• What you should do: Please give back the listing below word for word and drop any images.

+++ Given material

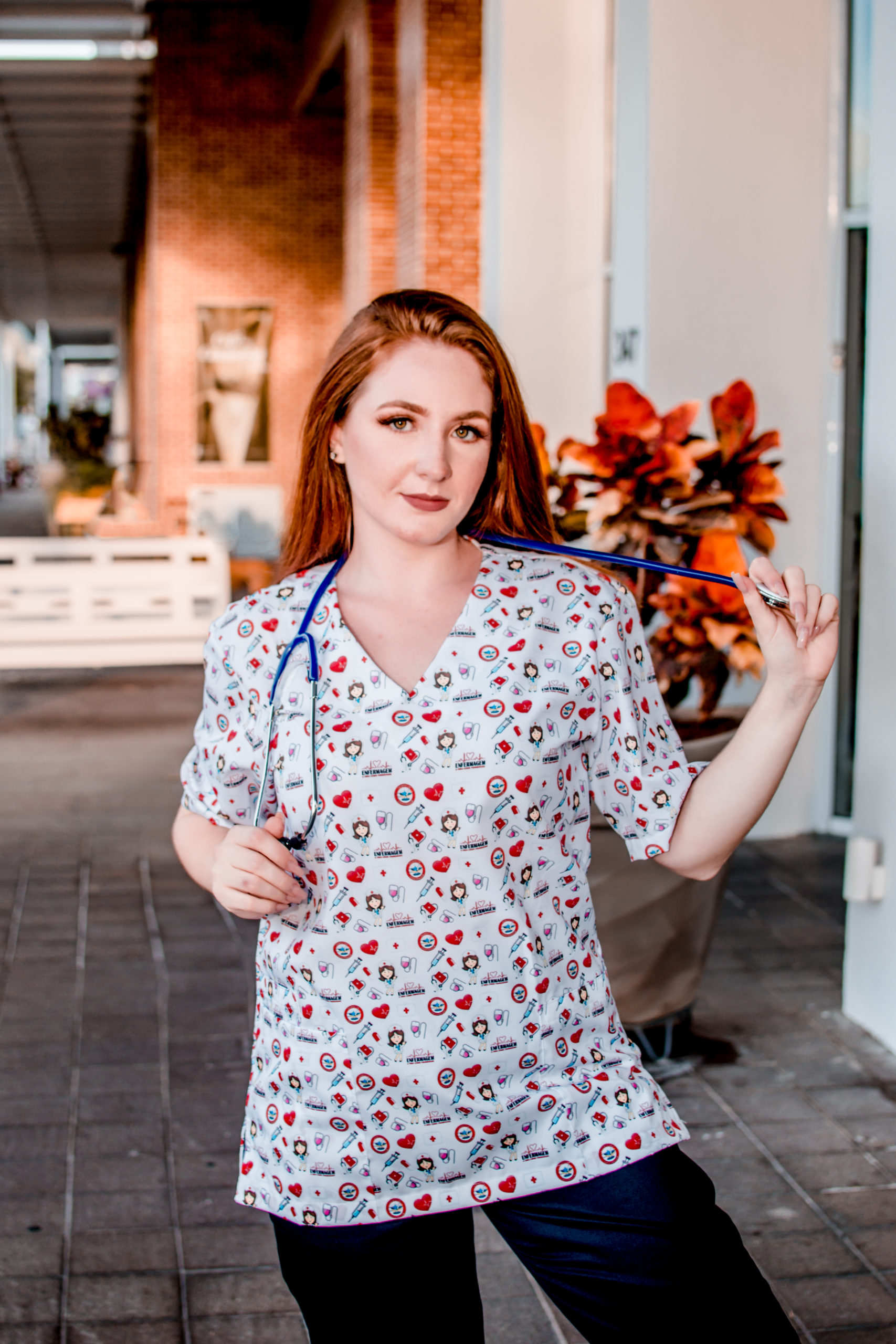 Blusa Scrub de Pijama Cirúrgico Estampado Unissex – Enfermagem Coração
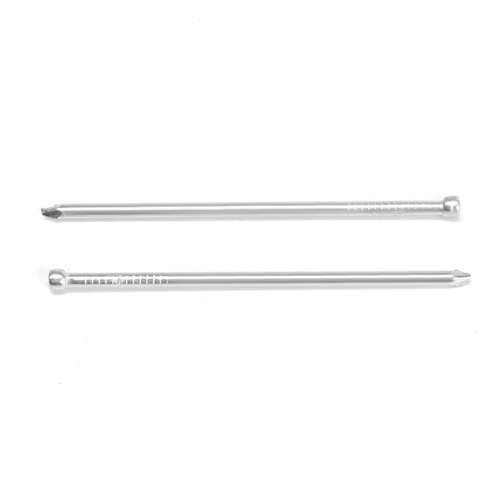 Изделие представляет собой цилиндрический стержень с маленькой высокой головкой. Благодаря небольшому сечению такой гвоздь легко входит в дерево. Диаметр головки незначительно превышает диаметр стержня, и после забивания она сливается с поверхностью материала.
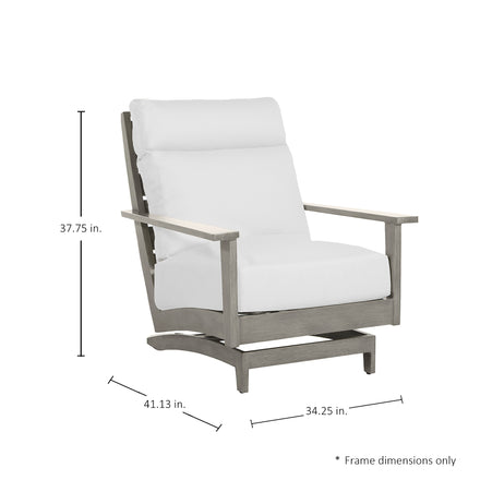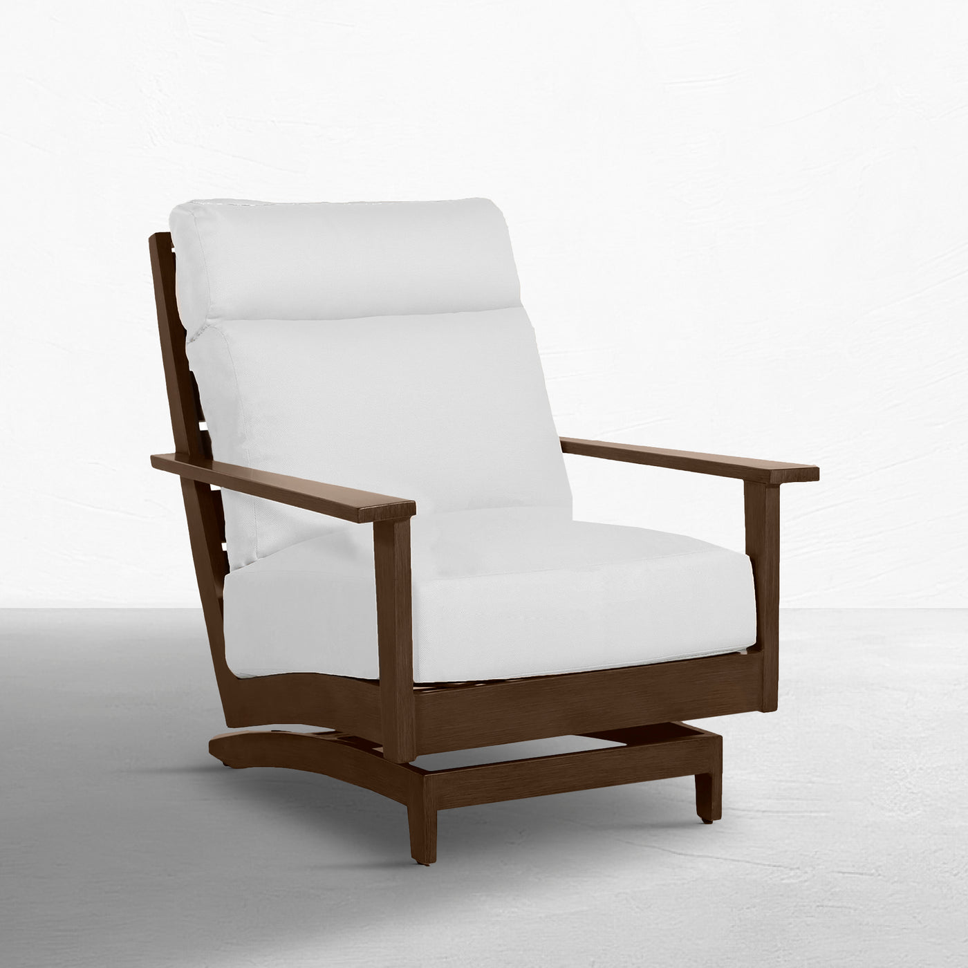 The Kennebunkport Spring Lounge is a fusion of luxury and comfort designed for the discerning eye. The spring mechanism adds a gentle rocking motion, creating an inviting place for relaxation or conversation. Its wrought aluminum construction ensures durability, while the architectural-grade powder-coated finish offers a lasting hue resistant to the elements. This lounge is not just a seat but an experience, offering a touch of serenity and movement to your outdoor haven.

++++++

• Task response:
 Blusa Scrub de Pijama Cirúrgico Estampado Unissex – Enfermagem Coração
 Изделие представляет собой цилиндрический стержень с маленькой высокой головкой. Благодаря небольшому сечению такой гвоздь легко входит в дерево. Диаметр головки незначительно превышает диаметр стержня, и после забивания она сливается с поверхностью материала.
 The Kennebunkport Spring Lounge is a fusion of luxury and comfort designed for the discerning eye. The spring mechanism adds a gentle rocking motion, creating an inviting place for relaxation or conversation. Its wrought aluminum construction ensures durability, while the architectural-grade powder-coated finish offers a lasting hue resistant to the elements. This lounge is not just a seat but an experience, offering a touch of serenity and movement to your outdoor haven.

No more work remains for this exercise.